▸ Work request
For this exercise, return exactly the lines of the material below that begin at the one with "Ce tapis est" and stop after the one with "梅沢 忠勘介さんを姓名の画数から五運を鑑定".

▸ Study material
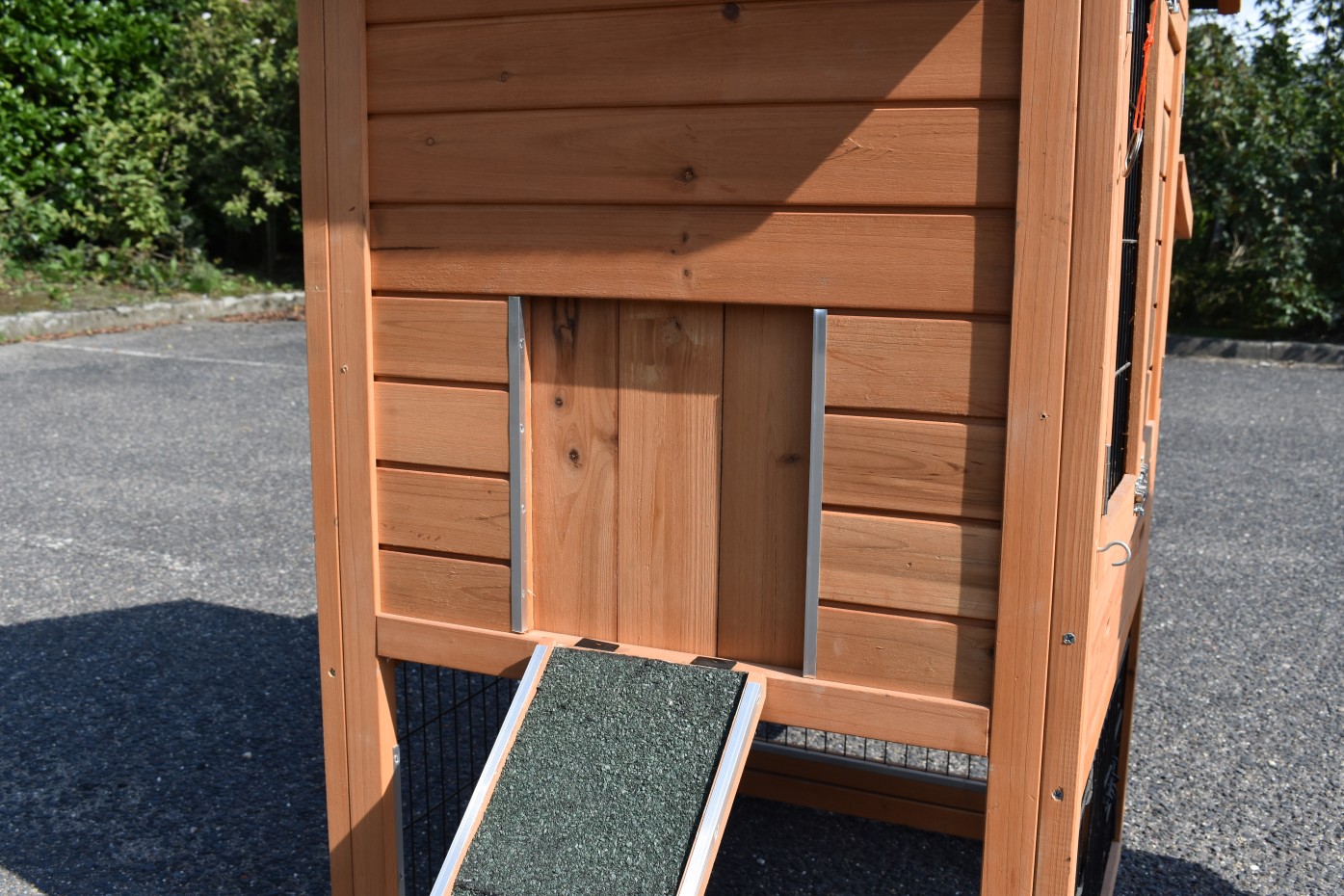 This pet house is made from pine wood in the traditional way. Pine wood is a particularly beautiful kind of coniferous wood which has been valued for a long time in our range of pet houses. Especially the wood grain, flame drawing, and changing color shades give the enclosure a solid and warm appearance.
* * *
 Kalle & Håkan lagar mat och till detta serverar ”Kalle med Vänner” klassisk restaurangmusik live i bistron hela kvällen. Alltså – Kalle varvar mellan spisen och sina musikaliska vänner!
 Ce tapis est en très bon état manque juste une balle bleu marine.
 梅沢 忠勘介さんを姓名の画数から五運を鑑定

▸ Response to the exercise
 Ce tapis est en très bon état manque juste une balle bleu marine.
 梅沢 忠勘介さんを姓名の画数から五運を鑑定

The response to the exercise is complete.